»»

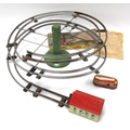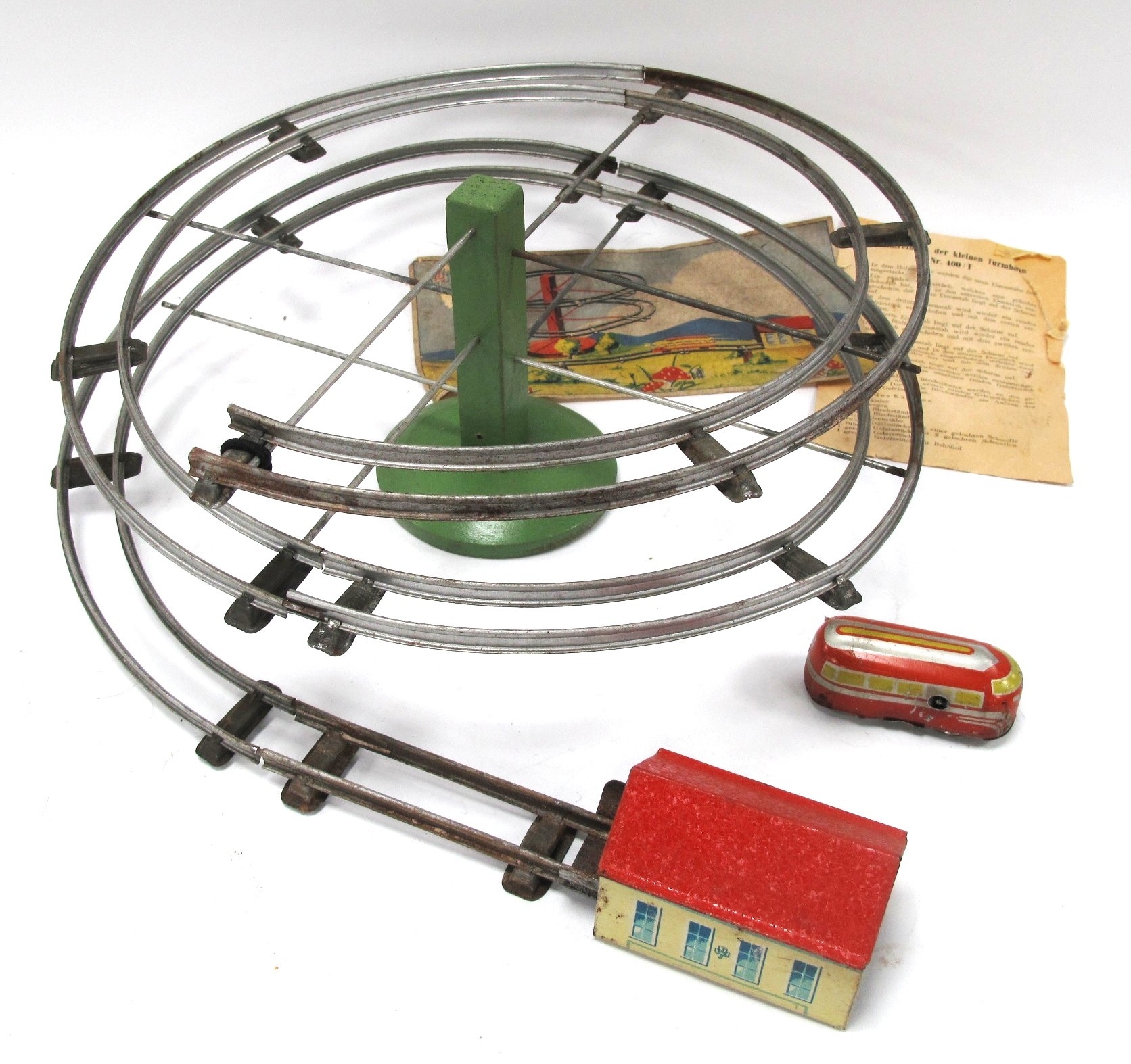 A circa Mid 1900s 'Tower Railway' Made in US Zone Germany, with circular track, tinplate car (working but requires key) and paperwork.
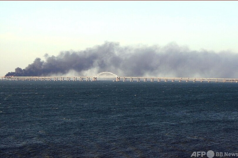 橋はロシアのクリミア併合を象徴する存在で、同国にとって非常に重要な輸送路。ソーシャルメディアに投稿された映像によると、爆発により橋は炎上し、一部が海に崩落した。
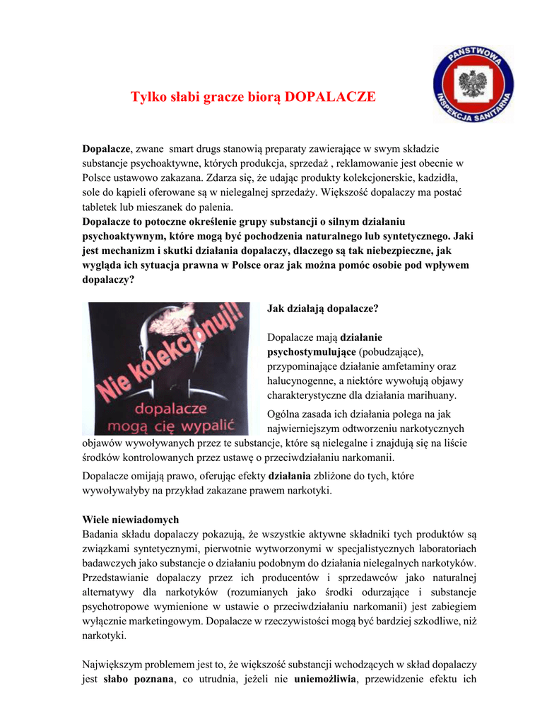 Tylko słabi gracze biorą DOPALACZE Dopalacze, zwane smart drugs stanowią preparaty zawierające w swym składzie substancje psychoaktywne, których produkcja, sprzedaż , reklamowanie jest obecnie w Polsce ustawowo zakazana. Zdarza się, że udając produkty kolekcjonerskie, kadzidła, sole do kąpieli oferowane są w nielegalnej sprzedaży. Większość dopalaczy ma postać tabletek lub mieszanek do palenia. Dopalacze to potoczne określenie grupy substancji o silnym działaniu psychoaktywnym, które mogą być pochodzenia naturalnego lub syntetycznego. Jaki jest mechanizm i skutki działania dopalaczy, dlaczego są tak niebezpieczne, jak wygląda ich sytuacja prawna w Polsce oraz jak można pomóc osobie pod wpływem dopalaczy? Jak działają dopalacze? Dopalacze mają działanie psychostymulujące (pobudzające), przypominające działanie amfetaminy oraz halucynogenne, a niektóre wywołują objawy charakterystyczne dla działania marihuany. Ogólna zasada ich działania polega na jak najwierniejszym odtworzeniu narkotycznych objawów wywoływanych przez te substancje, które są nielegalne i znajdują się na liście środków kontrolowanych przez ustawę o przeciwdziałaniu narkomanii. Dopalacze omijają prawo, oferując efekty działania zbliżone do tych, które wywoływałyby na przykład zakazane prawem narkotyki. Wiele niewiadomych Badania składu dopalaczy pokazują, że wszystkie aktywne składniki tych produktów są związkami syntetycznymi, pierwotnie wytworzonymi w specjalistycznych laboratoriach badawczych jako substancje o działaniu podobnym do działania nielegalnych narkotyków. Przedstawianie dopalaczy przez ich producentów i sprzedawców jako naturalnej alternatywy dla narkotyków (rozumianych jako środki odurzające i substancje psychotropowe wymienione w ustawie o przeciwdziałaniu narkomanii) jest zabiegiem wyłącznie marketingowym. Dopalacze w rzeczywistości mogą być bardziej szkodliwe, niż narkotyki. Największym problemem jest to, że większość substancji wchodzących w skład dopalaczy jest słabo poznana, co utrudnia, jeżeli nie uniemożliwia, przewidzenie efektu ich działania. W rezultacie prowadzi to do obniżenia skuteczności działań ratujących zdrowie lub życie. Dodatkowo opisy zawartości w poszczególnych produktach często nie stanowią rzetelnej informacji. Duża ilość niewiadomych służy oczywiście jak najlepszemu zamaskowaniu substancji tak, aby nie doprowadzić do ich szybkiej delegalizacji. Osoby sięgające po dopalacze wzmacniają ich efekt, niejednokrotnie spożywając jednocześnie inne używki, jak niektóre rodzaje narkotyków czy alkohol. Zagrożenie dla młodych Dopalacze same w sobie prowadzą do lub ułatwiają rozwój uzależnienia. Dodatkowo są szczególnie popularne wśród nastolatków, czyli grupy społecznej, która bardzo łatwo popada w różne nałogi. Skutki działania dopalaczy prowadzą do zaburzeń w prawidłowym działaniu najistotniejszych funkcji mózgowych odpowiedzialnych za: pamięć, uczenie się, układ nagrody sterujący zachowaniem i motywacją. Pamiętaj!!! Podobnie jak większość ekspertów, odradzamy jakichkolwiek eksperymentów z środkami psychoaktywnymi włączając w to tzw. "dopalacze". Są to substancje zmieniające świadomość i w określonych sytuacjach mogą być niebezpieczne dla zdrowia i życia.

««

Task details:
Transcribe the data completely. No pictures should appear in the transcription.

Result:
 A circa Mid 1900s 'Tower Railway' Made in US Zone Germany, with circular track, tinplate car (working but requires key) and paperwork.
 橋はロシアのクリミア併合を象徴する存在で、同国にとって非常に重要な輸送路。ソーシャルメディアに投稿された映像によると、爆発により橋は炎上し、一部が海に崩落した。
 Tylko słabi gracze biorą DOPALACZE Dopalacze, zwane smart drugs stanowią preparaty zawierające w swym składzie substancje psychoaktywne, których produkcja, sprzedaż , reklamowanie jest obecnie w Polsce ustawowo zakazana. Zdarza się, że udając produkty kolekcjonerskie, kadzidła, sole do kąpieli oferowane są w nielegalnej sprzedaży. Większość dopalaczy ma postać tabletek lub mieszanek do palenia. Dopalacze to potoczne określenie grupy substancji o silnym działaniu psychoaktywnym, które mogą być pochodzenia naturalnego lub syntetycznego. Jaki jest mechanizm i skutki działania dopalaczy, dlaczego są tak niebezpieczne, jak wygląda ich sytuacja prawna w Polsce oraz jak można pomóc osobie pod wpływem dopalaczy? Jak działają dopalacze? Dopalacze mają działanie psychostymulujące (pobudzające), przypominające działanie amfetaminy oraz halucynogenne, a niektóre wywołują objawy charakterystyczne dla działania marihuany. Ogólna zasada ich działania polega na jak najwierniejszym odtworzeniu narkotycznych objawów wywoływanych przez te substancje, które są nielegalne i znajdują się na liście środków kontrolowanych przez ustawę o przeciwdziałaniu narkomanii. Dopalacze omijają prawo, oferując efekty działania zbliżone do tych, które wywoływałyby na przykład zakazane prawem narkotyki. Wiele niewiadomych Badania składu dopalaczy pokazują, że wszystkie aktywne składniki tych produktów są związkami syntetycznymi, pierwotnie wytworzonymi w specjalistycznych laboratoriach badawczych jako substancje o działaniu podobnym do działania nielegalnych narkotyków. Przedstawianie dopalaczy przez ich producentów i sprzedawców jako naturalnej alternatywy dla narkotyków (rozumianych jako środki odurzające i substancje psychotropowe wymienione w ustawie o przeciwdziałaniu narkomanii) jest zabiegiem wyłącznie marketingowym. Dopalacze w rzeczywistości mogą być bardziej szkodliwe, niż narkotyki. Największym problemem jest to, że większość substancji wchodzących w skład dopalaczy jest słabo poznana, co utrudnia, jeżeli nie uniemożliwia, przewidzenie efektu ich działania. W rezultacie prowadzi to do obniżenia skuteczności działań ratujących zdrowie lub życie. Dodatkowo opisy zawartości w poszczególnych produktach często nie stanowią rzetelnej informacji. Duża ilość niewiadomych służy oczywiście jak najlepszemu zamaskowaniu substancji tak, aby nie doprowadzić do ich szybkiej delegalizacji. Osoby sięgające po dopalacze wzmacniają ich efekt, niejednokrotnie spożywając jednocześnie inne używki, jak niektóre rodzaje narkotyków czy alkohol. Zagrożenie dla młodych Dopalacze same w sobie prowadzą do lub ułatwiają rozwój uzależnienia. Dodatkowo są szczególnie popularne wśród nastolatków, czyli grupy społecznej, która bardzo łatwo popada w różne nałogi. Skutki działania dopalaczy prowadzą do zaburzeń w prawidłowym działaniu najistotniejszych funkcji mózgowych odpowiedzialnych za: pamięć, uczenie się, układ nagrody sterujący zachowaniem i motywacją. Pamiętaj!!! Podobnie jak większość ekspertów, odradzamy jakichkolwiek eksperymentów z środkami psychoaktywnymi włączając w to tzw. "dopalacze". Są to substancje zmieniające świadomość i w określonych sytuacjach mogą być niebezpieczne dla zdrowia i życia.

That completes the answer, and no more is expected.